All try to play nice with other possible users of the cgroup
filesystem - be it libvirt cgroup, applications doing their own cgroup
tricks, or hand-crafted custom scripts.  While the approach is
understandable given that those usages already exist, I don't think
it's a workable solution in the long term.  There are several reasons
for that.

* The configurations aren't independent.  e.g. for weight-based
  controllers, your weight is only meaningful in relation to other
  weights at that level.  Distributing configuration to whatever
  entities which may write to cgroupfs simply cannot work.  It's
  fundamentally flawed.

* It's fragile like hell.  There's no accountability.  Nobody really
  knows what's going on.  Is this subdirectory still there due to a
  bug in this program, or something or someone else created it and
  crashed / forgot to remove it, or what?  Oh, the cgroup I wanted to
  create already exists.  Maybe the previous instance created it and
  then crashed or maybe some other program just happened to choose the
  same name.  Who owns config knobs in that directory?  This way lies
  madness.  I understand why the Pax doc exists but I'm not sure its
  long-term effect would be positive - best practices which ultimately
  lead to utter confusion and fragility.

* In many cases, resource distribution is system-wide policy decisions
  and determining what to do often requires system-wide knowledge.
  You can't provision memory limits without knowing what's available
  in the system and what else is going on in the system, and you want
  to be able to adjust them as situation and configuration changes.
  Without anybody having full picture of how resources are
  provisioned, how would any of that be possible?

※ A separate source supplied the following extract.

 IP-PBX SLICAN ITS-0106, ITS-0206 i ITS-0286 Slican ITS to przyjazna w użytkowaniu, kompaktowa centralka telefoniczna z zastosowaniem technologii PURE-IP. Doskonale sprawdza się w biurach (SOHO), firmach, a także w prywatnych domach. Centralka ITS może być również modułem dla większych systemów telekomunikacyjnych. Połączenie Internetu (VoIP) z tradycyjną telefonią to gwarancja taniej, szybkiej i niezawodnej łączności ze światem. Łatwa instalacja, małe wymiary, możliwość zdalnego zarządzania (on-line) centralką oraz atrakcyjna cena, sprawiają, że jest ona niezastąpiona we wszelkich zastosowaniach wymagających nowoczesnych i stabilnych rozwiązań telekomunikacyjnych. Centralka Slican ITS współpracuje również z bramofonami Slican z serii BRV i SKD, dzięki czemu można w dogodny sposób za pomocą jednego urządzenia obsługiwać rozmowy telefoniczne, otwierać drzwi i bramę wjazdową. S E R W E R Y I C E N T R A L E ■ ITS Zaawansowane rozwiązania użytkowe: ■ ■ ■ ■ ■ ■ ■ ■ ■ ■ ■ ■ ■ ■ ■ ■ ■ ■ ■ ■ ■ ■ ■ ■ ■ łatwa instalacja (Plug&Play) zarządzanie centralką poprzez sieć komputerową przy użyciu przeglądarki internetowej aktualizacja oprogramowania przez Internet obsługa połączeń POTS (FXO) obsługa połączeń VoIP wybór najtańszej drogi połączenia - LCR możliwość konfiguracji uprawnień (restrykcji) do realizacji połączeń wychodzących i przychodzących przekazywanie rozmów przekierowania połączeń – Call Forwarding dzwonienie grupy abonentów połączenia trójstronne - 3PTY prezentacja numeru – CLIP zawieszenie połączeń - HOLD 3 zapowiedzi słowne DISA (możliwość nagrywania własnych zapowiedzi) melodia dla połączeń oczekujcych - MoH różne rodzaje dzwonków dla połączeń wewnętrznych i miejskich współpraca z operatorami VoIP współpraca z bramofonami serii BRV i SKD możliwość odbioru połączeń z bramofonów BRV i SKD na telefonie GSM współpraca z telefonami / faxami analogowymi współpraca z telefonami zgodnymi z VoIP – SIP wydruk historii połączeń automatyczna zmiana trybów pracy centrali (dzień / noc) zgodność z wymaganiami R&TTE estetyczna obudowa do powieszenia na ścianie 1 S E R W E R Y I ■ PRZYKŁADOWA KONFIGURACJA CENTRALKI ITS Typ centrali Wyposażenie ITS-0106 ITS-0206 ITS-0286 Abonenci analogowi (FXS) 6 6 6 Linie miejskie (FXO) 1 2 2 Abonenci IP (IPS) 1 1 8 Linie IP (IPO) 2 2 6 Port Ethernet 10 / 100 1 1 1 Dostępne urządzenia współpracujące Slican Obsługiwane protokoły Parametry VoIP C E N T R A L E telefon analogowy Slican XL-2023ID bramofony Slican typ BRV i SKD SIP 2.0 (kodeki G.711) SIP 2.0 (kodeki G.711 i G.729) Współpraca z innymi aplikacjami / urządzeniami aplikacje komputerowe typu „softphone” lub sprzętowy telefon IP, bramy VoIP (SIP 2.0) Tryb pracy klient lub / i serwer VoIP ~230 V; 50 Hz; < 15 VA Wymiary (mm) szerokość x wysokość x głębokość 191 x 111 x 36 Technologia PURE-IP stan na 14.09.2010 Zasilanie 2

I think this anything-goes approach is prevalent largely because the
cgroup filesystem interface encourages such usage.  From the looks of
it, the filesystem permissions combined with hierarchy should be able
to handle delegation perfectly.  Well, as it currently stands, it's
anything but and the interface is just misleading.  Hierarchy support
was an utter mess, configuration schemes aren't uniform across
controllers, and, more fundamentally, hierarchy itself is expensive -
we can't delegate hierarchy creation to unpriviledged users or
programs safely.

It is in the realm of possibility to make all cgroup operations and
controllers to do all that; however, it's a very tall order.  Just
think about how much effort it has been to achieve and maintain proper
delegation in the core elements of the kernel - processes and
filesystems, and there will be security implications with cgroup
likely involving a lot of gotchas and extensions of security
infrastructures, and, even then, I'm pretty sure it's gonna require
helps from userland to effect proper policy decisions and config
changes.  We have things like polkit for a reason and are likely to
need finer-grained, domain-aware access control than is possible with
tweaking directory permissions.

Given the above and how relatively marginal cgroup is, I'm extremely
skeptical that implementing full delegation in kernel is the right
course of action and likely to scream like a banshee at any attempt
driving things that way.

I think the only logical thing to do is creating a centralized
userland authority which takes full ownership of the cgroup filesystem
interface, gives it a sane structure, represents available resources
in a sane form, and makes policy decisions based on configuration and
requests.  I don't have a concerete idea what that authority should be
like, but I think there already are pretty similar facilities in our
userland, and don't see why this should be much different.

Another reason why this could be helpful is that we're gonna be
morphing towards unified hierarchy and it'd very nice to have
something which can match impedance between the old and new ways and
not require each individual consumer of cgroup to handle such changes.
As for the unified hierarchy, we just have to.  It's currently
fundamentally broken in that it's impossible to tell which cgroup a
resource belongs to independent of which task is looking at it.  It's
like this damn thing is designed to honor Hisenberg and Einstein.  No
disrespect for the great minds, but it just doens't look like the
proper place.

Even apart from the unified hierarchy thing, I think it generally is a
good idea to have a buffer layer between the kernel interface and
individual consumers for cgroup, which is still very immature and
kinda tightly coupled with internal implementation details.

So, umm, that's what I want.  When I first heard of WorkMan, I was
excited thinking maybe the universe is being really nice and making
things happen to my wishes without me actually doing anything. :) Oh
well, one can dream, but everything is still early, so hopefully we
have enough time to figure things out.

What do you guys think?

Thanks.

--
tejun